So, it’s
been awhile. That was predictable. It was a busy month – my sister in law got
married in BC so that involved a cross-country trip with a small baby and all
the related preparation and recovery afterwards.
But
truthfully, it was more than that. Lately I haven’t really wanted to reflect on
things, or write about things. I've been pretty down, so reflecting on things
ain’t my jam at the moment. I’ve tried getting more sleep, going to a mom’s
support group, and some other self-care techniques recommended when you’re
trying to raise a tiny human and your brain is ready to ooze out through your
ears.
It's helped a bit, but realistically, I know it's going to take me quite some time to get back to my old self - that's what happens with post-natal depression. There's no quick fix. But you can find moments of motivation. I'm still bummed. But I’ve
been slightly kicked back into gear by a book, of all things.
Specifically,
Medium Raw by Anthony Bourdain.
For those of
you who don’t know, Anthony Bourdain is the bad boy of the North American
culinary scene. He spent years working in restaurant kitchens, is a recovering
drug addict, and has traveled all over the world in search of amazing meals. His
current TV program, Parts Unknown, involves him trekking all over the world and
exploring the local culture through food, history, and sometimes politics. It’s
super interesting and totally devoid of bullshit, and usually involves him getting a little tipsy.
He has an
entire chapter dedicated to paragraph-long descriptions of phenomenal meals
from through his life. From tacos on the streets of Panama to yakatori eaten at
a Japanese sake lounge to pasta in the foothills of Italy, I was drooling by
the end of it. Complete and utter food porn.
Time to
start cooking like I mean it again. Here’s the most recent share-worthy
creation:
Spicy Sriracha
Endive Chicken Tacos (makes 8 tacos)
1 tbsp Sriracha
chili sauce
1 tbsp olive
oil
1tsp minced
garlic
2 tbsp lemon
juice
2 tbsp lime
juice
1 tbsp chili
powder
½ tsp cumin
2 shakes
liquid smoke (about 6 drops)
2 large
chicken breasts (about 1 lb)
4 green
onion stalks, chopped
1 orange
bell pepper, chopped into 1 cm cubes
3 small
Belgian endive, separated into leaves
8 whole
wheat tortillas
½ cup 2%
greek yogurt
1 tsp
cilantro
½ tsp ground
thyme
2/3 cup
shredded white cheddar (the stronger the better – I used a mix of Millbank
organic old white cheddar and Fifth Town goat cheddar)
Whisk
Sriracha sauce, olive oil, garlic, lemon and lime juice, chili powder, cumin,
and liquid smoke into a marinade.
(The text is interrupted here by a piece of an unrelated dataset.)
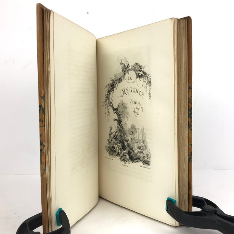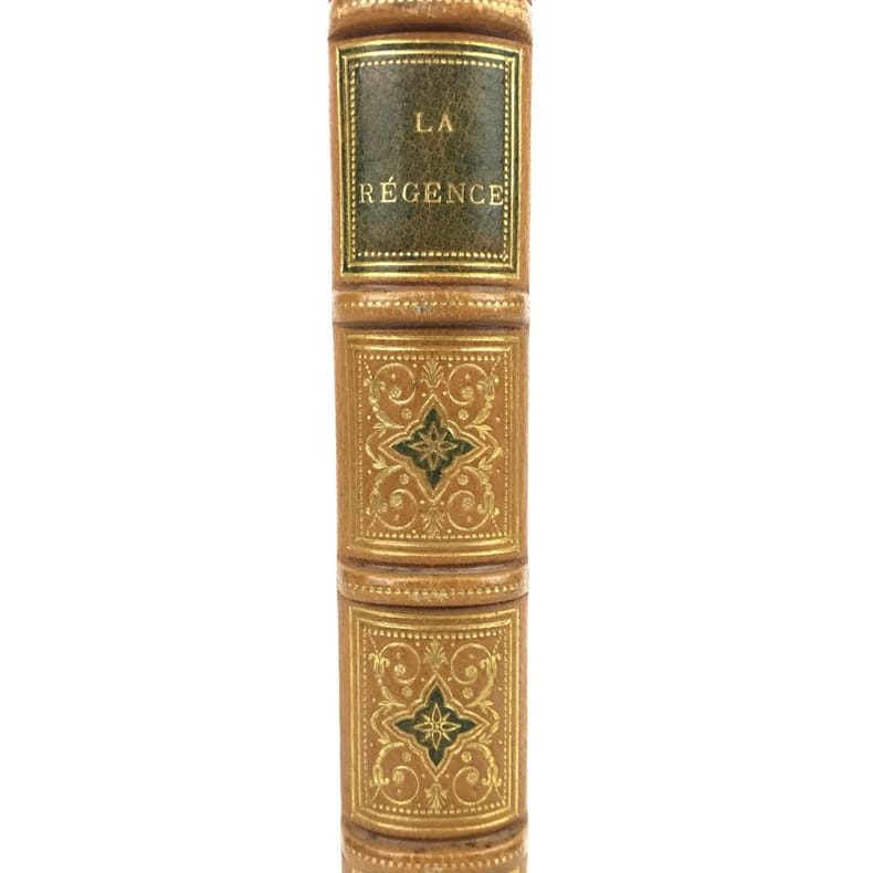 Edition originale "tirée à petit nombre". Frontispice et 3 planches gravés à l'eau forte par E. et L. Rouveyre d'après Marius Perret ; vignettes, lettrines et culs-de-lampe sur bois. Le régent et ses maîtresses, le cardinal Dubois, "Nouvelles à la main", etc. Index.(Vicaire, VI, 1230).Un mors légèrement fendillé.Bel exemplaire, bien relié, très frais, imprimé sur papier vergé de Hollande à la forme, entièrement non rogné.

Chop the chicken breasts into small chunks
and add to marinade. Let the chicken marinate for 2 hours in the refrigerator.
Add chicken,
marinade and all, to a frying pan and cook on medium heat until chicken is
cooked through. Add orange pepper and onions, and cook until they begin to let
off moisture. Drain off the excess
moisture and marinade from the pan, return to low heat, and add the endive.
Cook until endive just begins to wilt.
Stir
together the yogurt, cilantro and thyme and set aside.
Warm
tortillas in the oven until soft.
Assemble
tacos and top with cheddar and yogurt.
Serve with a
good local beer. The Junction Brewery is a current favourite.